Your objective:
Images are to be left out; everything else in the records gets copied exactly.

◇ ◇ ◇ ◇

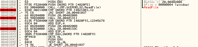 그 밑에서는 4020F9의 내용과 0x2345678를 XOR한다. 조금 더 진행하면 EAX와 4020F9의 내용을 비교하고, SETE AL 명령어를 실행한다.
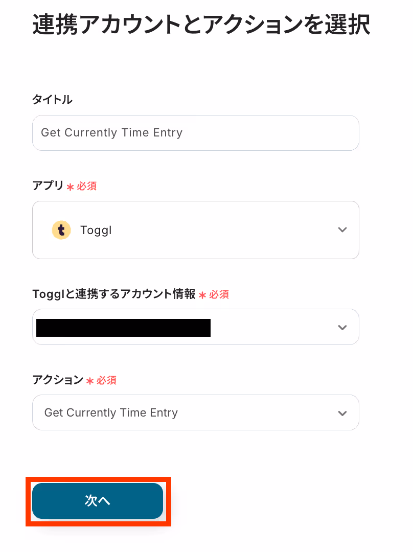 トリガーアクションは、テンプレート通りに「New Time Entry」のままで大丈夫です。
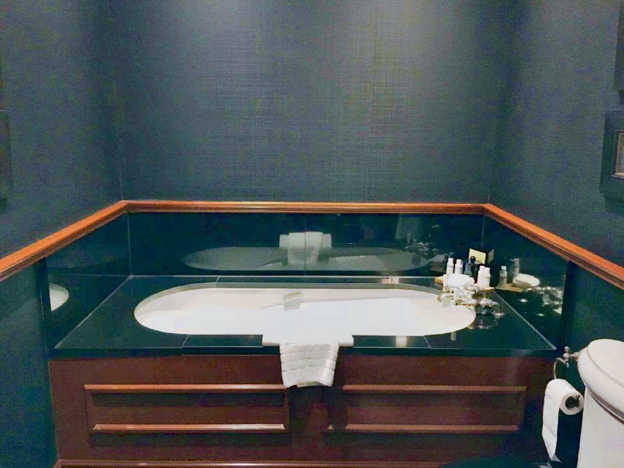 The bathroom was spacious, had a large deep bath and large shower. Toiletries were from REN.
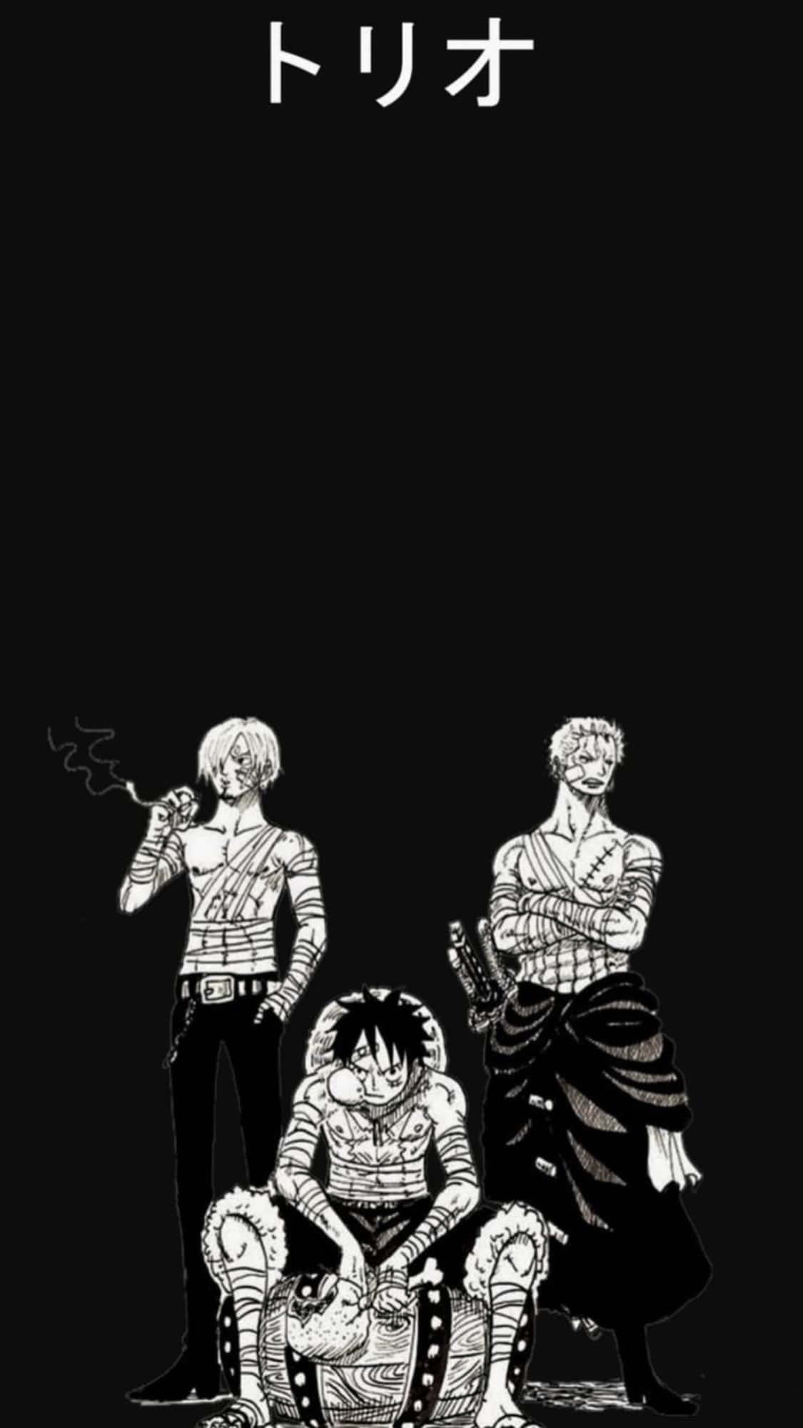 Luffy The Pirate King Against A Black And White Background Wallpaper -
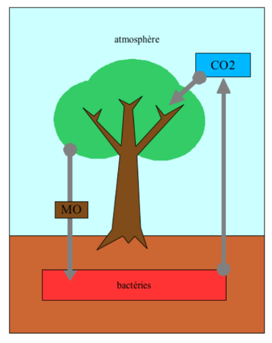 carbone et destruction de la matière organique. C’est là que la notion de « cycle » trouve ses limites, dans la mesure où elle semble évoquer une mobilisation permanente du carbone. En fait, le « cycle » se déroule entre deux masses de stock : le carbone minéral de l’atmosphère mobilisé par la photosynthèse et le carbone organique stocké dans le sol.
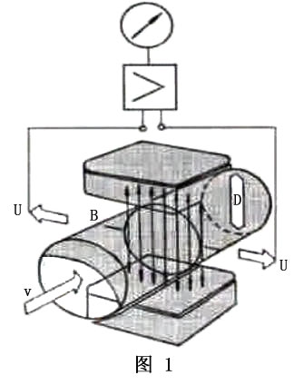 如圖1所示,在一內(nèi)徑為D,內(nèi)部磁場(chǎng)強(qiáng)度為B的非導(dǎo)磁性測(cè)量管內(nèi),液態(tài)的具有導(dǎo)電性被測(cè)介質(zhì)以v的速度流動(dòng),則在與流動(dòng)方向垂直的方向上產(chǎn)生與流量成比例的感應(yīng)電勢(shì)U,該電勢(shì)的大小如下
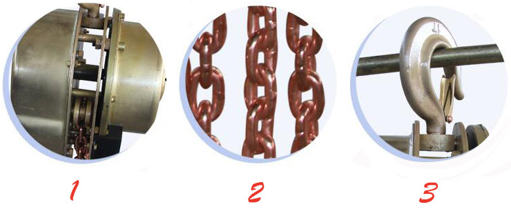 2、手拉链条采用H62黄铜材质,起重链条采用20Mn2钢链条镀镍铜合金材料,链条摩擦不会引起火花发生爆炸等不良反应。
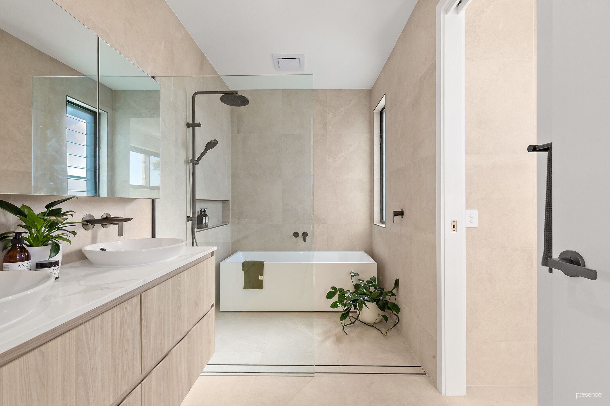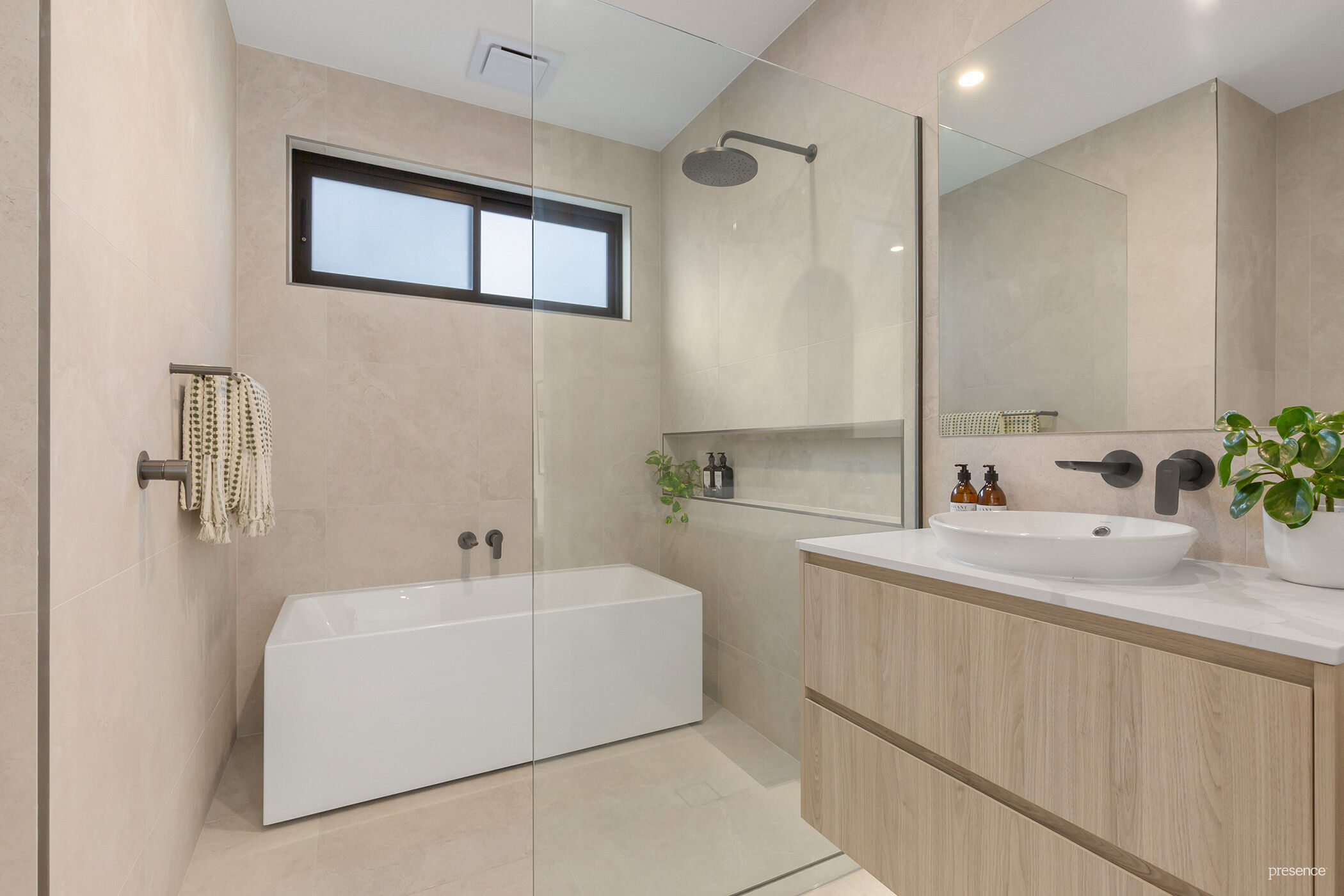 – Three elegant designer bathrooms, all with floor-to-ceiling tiling, including a luxe master ensuite with freestanding bath, shower, and dual vanity; a stylish ground-floor ensuite; and a main bathroom with separate bath and shower.
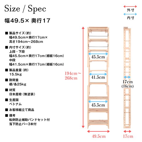 【外寸】幅29.5×奥行17×高さ194-268cm
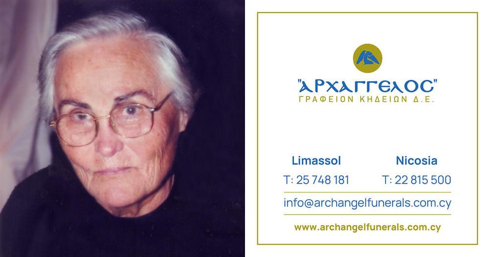 που απεβίωσε στις 03.11.2025 σε ηλικία 94 ετών κηδεύουμε την Τετάρτη 05.11.2025 και ώρα 2:00 μ.μ. από τον Ιερό Ναό Παναγίας Χαρίτων στη Λευκωσία και καλούμε όσους τιμούν τη μνήμη της να παραστούν.
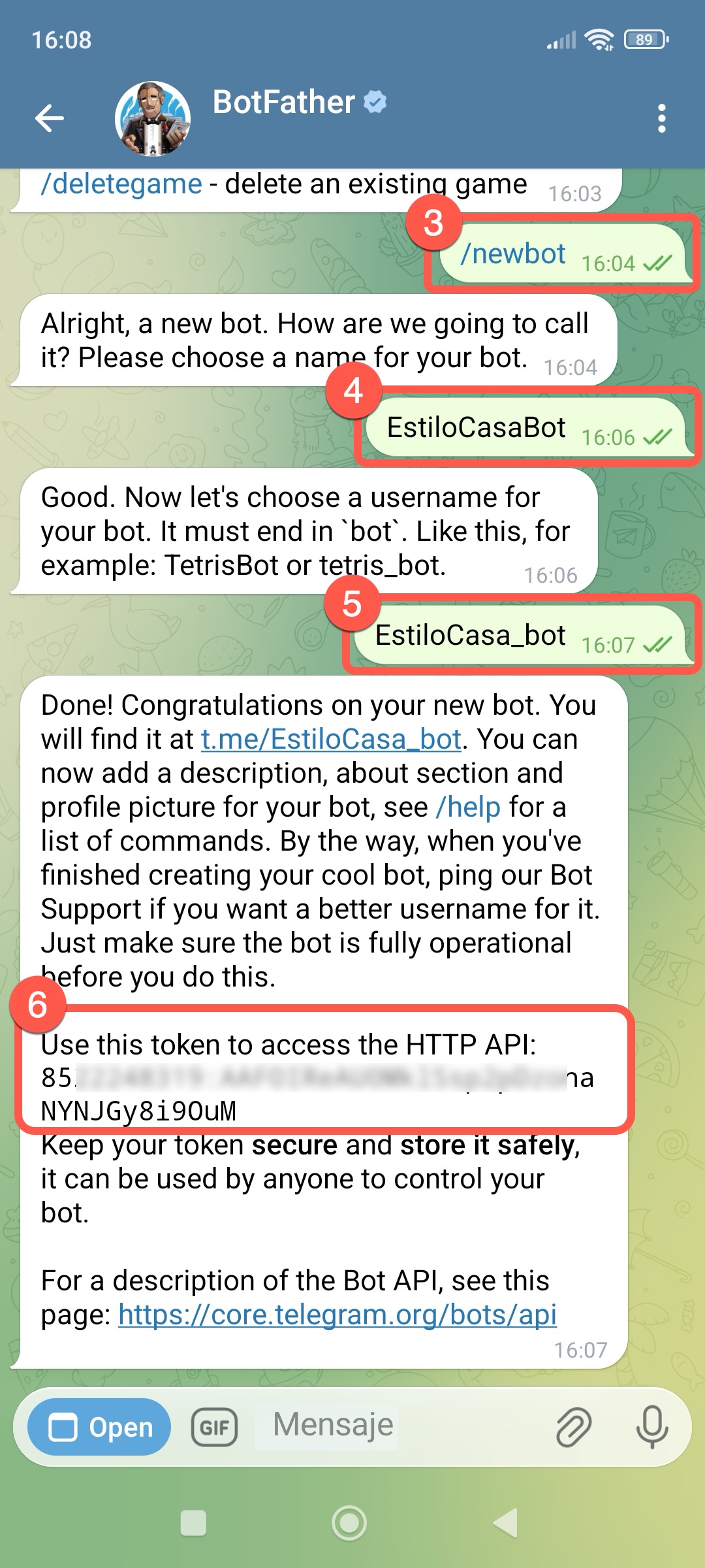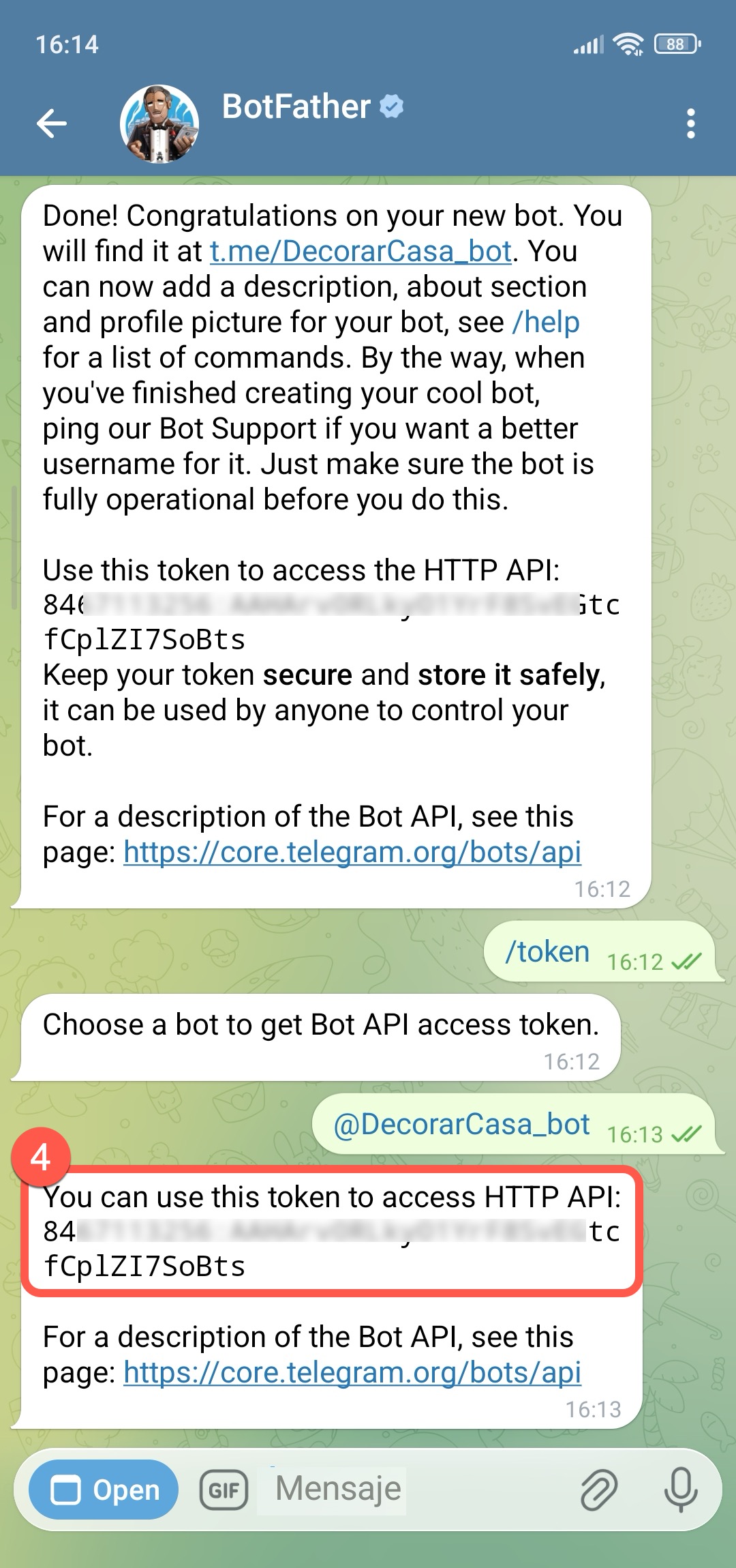 Si aún no tienes un bot de Telegram, crea uno nuevo. Si ya tienes un bot, copia su token.
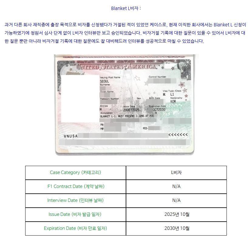 Blanket L비자 : 미국비자거절 기록이 있었지만 문제없이 승인
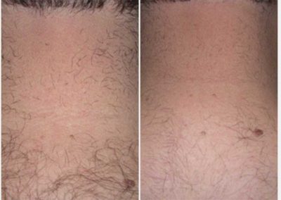 There is no downtime with our latest hair removal technology. It is common to feel a very mild sunburn-like effect the evening of the treatment but it generally subsides in a few hours. At about two weeks there will appear to be new hair growth but that is often the dead hair falling out. This hair will come out on its own accord and does not need to be plucked. With each successive treatment there will be fewer and fewer patches of hair until optimal results are achieved. Minimizing sun exposure and sun protection is always key following any laser treatment.
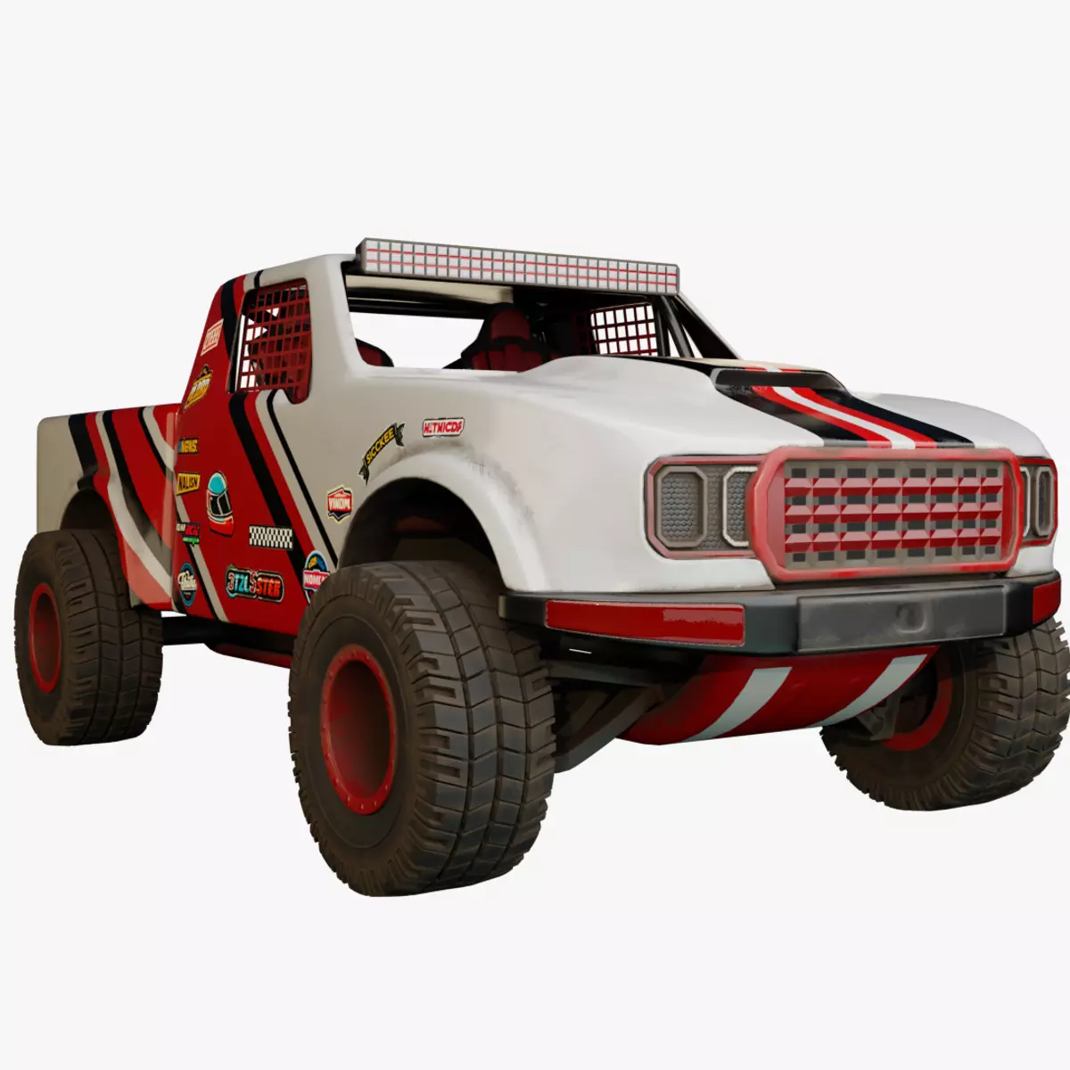 3d model of a sleek trophy truck with a vibrant red and white color scheme, adorned with sponsor logos along the sides.The model comes with 1-4k resolution texture packs.

◇ ◇ ◇ ◇

Expected answer:
 그 밑에서는 4020F9의 내용과 0x2345678를 XOR한다. 조금 더 진행하면 EAX와 4020F9의 내용을 비교하고, SETE AL 명령어를 실행한다.
 トリガーアクションは、テンプレート通りに「New Time Entry」のままで大丈夫です。
 The bathroom was spacious, had a large deep bath and large shower. Toiletries were from REN.
 Luffy The Pirate King Against A Black And White Background Wallpaper -
 carbone et destruction de la matière organique. C’est là que la notion de « cycle » trouve ses limites, dans la mesure où elle semble évoquer une mobilisation permanente du carbone. En fait, le « cycle » se déroule entre deux masses de stock : le carbone minéral de l’atmosphère mobilisé par la photosynthèse et le carbone organique stocké dans le sol.
 如圖1所示,在一內(nèi)徑為D,內(nèi)部磁場(chǎng)強(qiáng)度為B的非導(dǎo)磁性測(cè)量管內(nèi),液態(tài)的具有導(dǎo)電性被測(cè)介質(zhì)以v的速度流動(dòng),則在與流動(dòng)方向垂直的方向上產(chǎn)生與流量成比例的感應(yīng)電勢(shì)U,該電勢(shì)的大小如下
 2、手拉链条采用H62黄铜材质,起重链条采用20Mn2钢链条镀镍铜合金材料,链条摩擦不会引起火花发生爆炸等不良反应。
 – Three elegant designer bathrooms, all with floor-to-ceiling tiling, including a luxe master ensuite with freestanding bath, shower, and dual vanity; a stylish ground-floor ensuite; and a main bathroom with separate bath and shower.
 【外寸】幅29.5×奥行17×高さ194-268cm
 που απεβίωσε στις 03.11.2025 σε ηλικία 94 ετών κηδεύουμε την Τετάρτη 05.11.2025 και ώρα 2:00 μ.μ. από τον Ιερό Ναό Παναγίας Χαρίτων στη Λευκωσία και καλούμε όσους τιμούν τη μνήμη της να παραστούν.
 Si aún no tienes un bot de Telegram, crea uno nuevo. Si ya tienes un bot, copia su token.
 Blanket L비자 : 미국비자거절 기록이 있었지만 문제없이 승인
 There is no downtime with our latest hair removal technology. It is common to feel a very mild sunburn-like effect the evening of the treatment but it generally subsides in a few hours. At about two weeks there will appear to be new hair growth but that is often the dead hair falling out. This hair will come out on its own accord and does not need to be plucked. With each successive treatment there will be fewer and fewer patches of hair until optimal results are achieved. Minimizing sun exposure and sun protection is always key following any laser treatment.
 3d model of a sleek trophy truck with a vibrant red and white color scheme, adorned with sponsor logos along the sides.The model comes with 1-4k resolution texture packs.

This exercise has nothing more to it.